2024-03-19 Project Proposal: Removal of the Ingestion Server¶
Author: @stacimc
Reviewers¶
[x] @Aetherunbound
[x] @zackkrida
Project summary¶
Currently, our data refresh process is orchestrated by Airflow, but the work is actually performed on a bespoke ingestion server. This server is relatively complex compared to our needs, difficult to maintain, and makes the data refresh process unnecessarily opaque. Because the refresh is triggered in a single task on the ingestion server, it is not possible to track the progress in Airflow or retry it from a point of failure. Progress must be discerned through periodic Slack notifications and inspection of logs in Cloudwatch.
In this project, we will move all operational pieces of the data refresh into Airflow and completely remove the ingestion server.
Goals¶
This project advances the DevEx/Infrastructure goal.
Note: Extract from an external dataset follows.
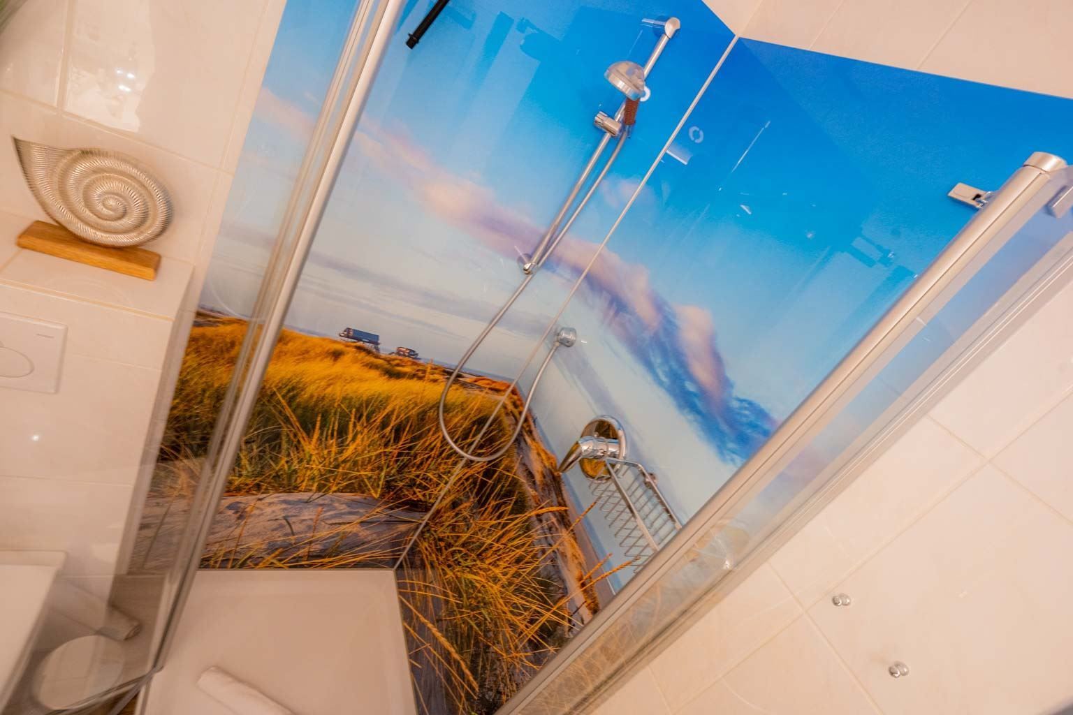 Badezimmer (Duschbad) mit Dusche, WC und Föhn.

Moving the process entirely into Airflow will have the following advantages for the critical data refresh process:
Easier iteration, as changes to the majority of the implementation can be deployed immediately by simply merging code in the catalog
Increased reusability of code, particularly among the growing number of Elasticsearch DAGs (for example, the
recreate_full_staging_indexDAG could be made entirely redundant by moving the data refresh into Airflow)Increased observability of the process: we’ll have the ability to see exactly what step the refresh is on by inspecting the running DAG, with much more granularity even than the existing Slack notifications. This also includes much more convenient access to timing information.
Automatic addition of Airflow features like pausing and retrying, with no additional work required beyond moving the process into Airflow:
Ability to pause the data refresh. While this won’t automatically pause work that has been triggered on remote services (like queries being run in the API database or reindexing being performed by an indexer worker), it will prevent the next steps from running. For example, this allows us to pause the DAG before the reindexing steps are reached to prevent them from starting.
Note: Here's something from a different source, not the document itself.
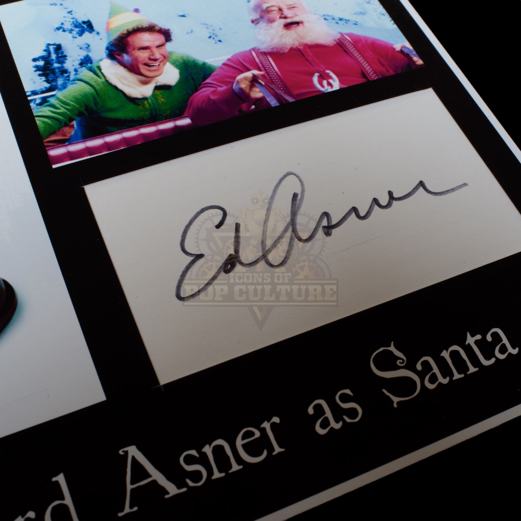 This color 8” x 10” image display features Ed Asner as “Santa” and Will Ferrell as “Buddy”. A 3.5” x 5” index card has been autographed by Ed Asner in black ink and is mounted in the display.

Ability to retry failed tasks without having to restart the process from the beginning
Easier to introduce a staging data refresh DAG, which currently does not exist but which would be invaluable for testing of the process
Removing the ingestion server also has the following advantages from an infrastructure perspective:
Fewer services to manage overall; no maintenance of a bespoke server
Reduced costs (no requirement for 24/7 EC2 instance)
Improved deployments by reducing the number of deployable services, as well as reducing the scope of changes that require deployment
Requirements¶
The data refresh process should be managed entirely by Airflow
The expensive reindexing step currently makes use of a fleet of
indexer workers, which will still be required and which can not be provided by Airflow directly. These should be managed by Airflow using ECS or EC2 operators, but as much of the reindexing logic as possible should remain in the catalog itself. More specifics are left to the implementation plan.
There should be no increase in the time it takes to perform a data refresh
Success¶
The project will be considered a success when at least one full audio and image data refresh are run successfully with the new implementation, and the ingestion server is removed. The staging and production ingestion server EC2 instances should be deleted along with all associated code in the monorepo and infrastructure repositories.
Infrastructure¶
This project will involve removing the ingestion server entirely.
Although specific details are left to the implementation plan, at minimum it will involve significant modifications to the existing indexer workers responsible for the reindexing work.
Marketing¶
None.
Required implementation plans¶
The vast majority of the consideration needed for implementation planning is related to the modifications needed for the indexer workers. We could split this work into two implementation plans:
Mechanism for spinning up the indexer workers from Airflow, along with infrastructure changes needed
Process for moving the rest of the data refresh into Airflow (data copy and cleaning, table/index promotion, etc)
Because the latter of these is so straightforward, it is appropriate in this case to combine these into a single implementation plan.